I heard lately many presentations about virtualization solutions, being them orchestration solutions, or storage, networking or soemthing else, and the vendors selling them have a usual phrase “this product is designed for large companies AND service providers”. The underlying idea, coming from vendors thinking at both use cases for their products, is that a large companies is completely comparable to a service provider. At first, the thought is correct, but there is a significant difference that ultimately makes this thinking wrong.
Size matters
For sure, one of the reasons behing the idea to compare large companies to service provider, is the size of the infrastructure. A companies serving 10.000 employees is not that different from a service provider hosting several virtual machines, that combined serve the same amount of users: in both cases there will be 10.000 mailboxes, 10.000 hits to websites, 10.000 logins to file servers,and so on.
If the running workloads have the same size and performance requirements, the infrastructure needed in order to run them will be about the same.
Furthermore, other characteristics are common: one above all is automation. You cannot think about managing thousands of servers and virtual machines without some automation tool. Regardless is Puppet, Chef or other solutions (some of them funnily were designed originally for large companies and have been converted in order to be sold to service providers too), they are fundamental above a certain size: there are too many managed systems per single system admins, manual management is simply impossible. In fact, one of the KPI (Key performance metrics) in large environments is this ratio.
Everything under control?
So, you would think the idea that those two use cases are the same is correct. In general it is, but there is at least ONE element that makes the two totally different, and is usually overlooked or purposely forgotten: users, and how they use resources of the infrastructure.
In a large companies, even the biggest ones, you can obtain a high degree of accuracy in forecasting the growth of the IT infrastructure, and thus design it accordingly. All the requests from the several business units are evaluated, analyzed, and finally translated in an infrastructure solution that also have capacity planning in it.
In a service provider, at least those at a certain size, once the user (the customer) has gained access to the services he bought, there is no direct or correct way to know what he’s going to run, what compute power he will use or how much storage he will consume. Unless you place limits to customers’ growth (and even if many SP do it, this is not what a service provider should do), at any time a customer can deploy and run how many workloads he needs.
Let’s look at a quick example: for a new e-commerce, the user wants to create a classic 3-tier infrastructure, with a database server, some application servers and some web servers. If the user is a business unit of a large companies, he will meet the IT department in order to evaluate the project together, so at the end he will be sure the required IT resources are available. But if the user is the customer of a service provider, he’s only going to login and start deploy the required virtual machines. All of a sudden, the provider could end up with 50 new virtual machines and 10 more TB of consumed storage space.
Capacity Planning vs Design to Scale
If you agree with what I just explained, you would agree also to the idea that the two use cases require different kind of design. In a service provider, one of the most painful activity is the so called “forklift upgrade”: that moment when a system is no more expandable, and the only way to upgrade is its complete replacement with another one. If you are talking about storage, this also means you have to migrate all data from one system to the other, and this is something that can always lead to problems even if it was completely planned.
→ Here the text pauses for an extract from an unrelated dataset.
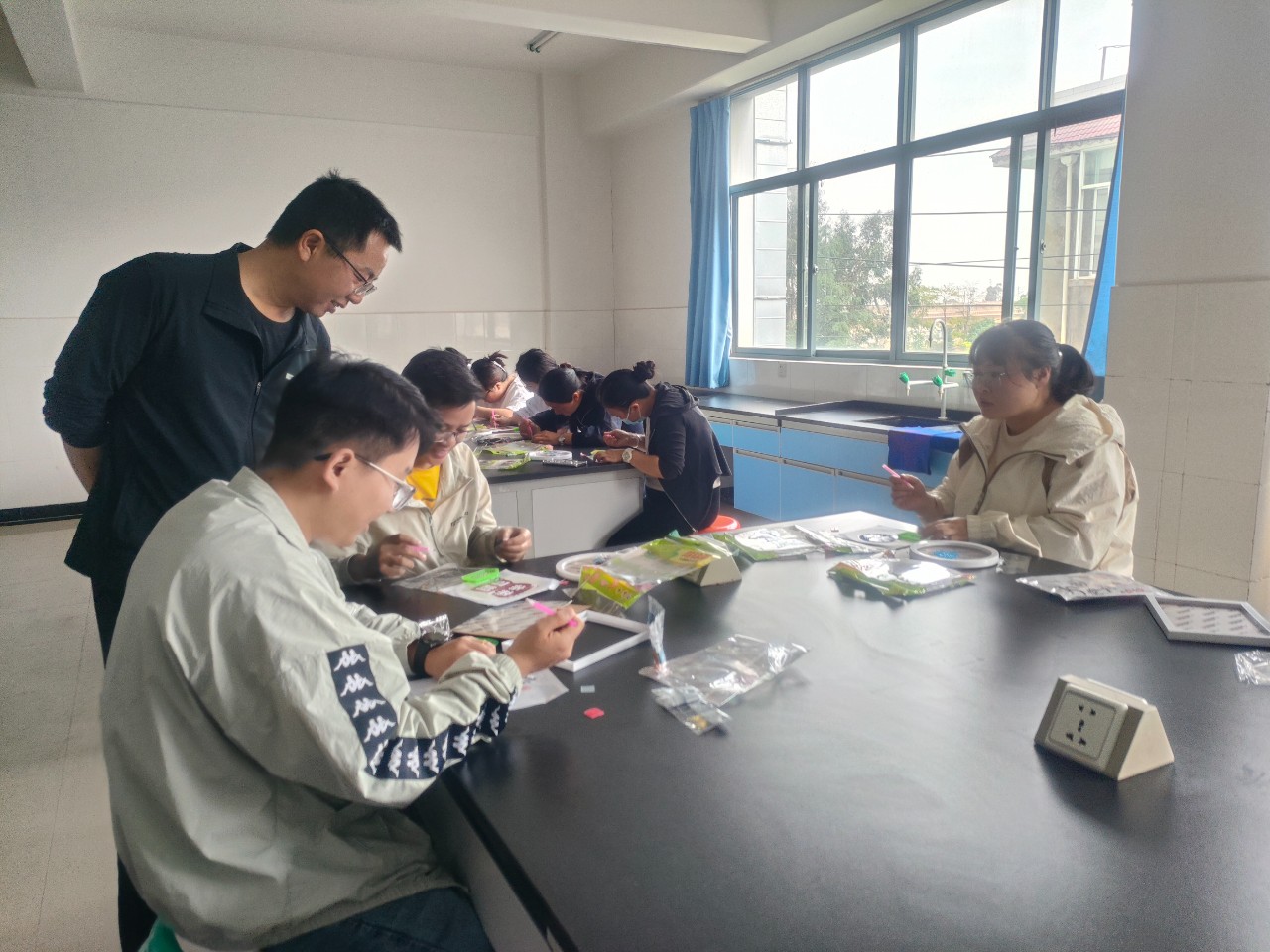 下午,教师们围坐在一起,手持点钻笔,将五彩斑斓的钻石粘贴在画布上,形成一幅幅精美的图案。

In a large company, even if it could use a design with no or reduced forklift upgrade problems, a component upgrade by substitution is less upsetting; that’s because it has the control over workloads. First, they can design a solution that can last for the usual 3/4/5 years period, but also because the migration during the forklift upgrade is somewhat manageable: by involving the different business units impacted by the upgrade, downtimes for example are easier to be planned.
In a service provider, even if they can do the same kind of upgrade, this would have to be done without any problem caused to the customer, and at the end without impacting the agreed SLA. It’s not impossibile, but it’s hard to be done.
So, instead of thinking about a really detailed capacity planning, I think a service provider should focus more on “Design to Scale”. This means to use, wherever you can, modular components that can be scaled horizontally in a linear and transparent way. The compute part is already managed in this way from years, thanks to VMware and its clusters made with several ESXi servers that can be added and removed dinamically. In storage this does not always happen, and there are still few scale-out solutions, while the vast majority of storage systems are scale-up. I wrote a post some months ago titled “The future of storage is Scale Out”, and in it I explained why I think a scale-out storage is better, go and read it if you want.
A service provider has limits in his capacity planning possibilites because he does not have a complete overview of his users. So, he better focus on “Design to Scale”, so he would be able to react more easily to sudden requesta of his users.
Final notes
At the end, a service provider runs in a different way compared to a large company, even if they have some characteristics in common. If a vendor wants to compare them come hell or high water, so he can sell the same product to both, well this is not always a smart move. There are for sure some products that can be a great fit for both use cases, but at the same time many solutions are good only in one use case, and their use in the other can lead to problems; maybe those problems are not visible at first, and because of this they are even more dangerous because they are going to surface when a (painful) upgrade is in place.
If you are a service provider, design by using extreme scenarios: don’t think about a system that can grow 30% per year in the next 3 years, think about “Is this system able to be DOUBLED in its size in a week timeframe? And how?”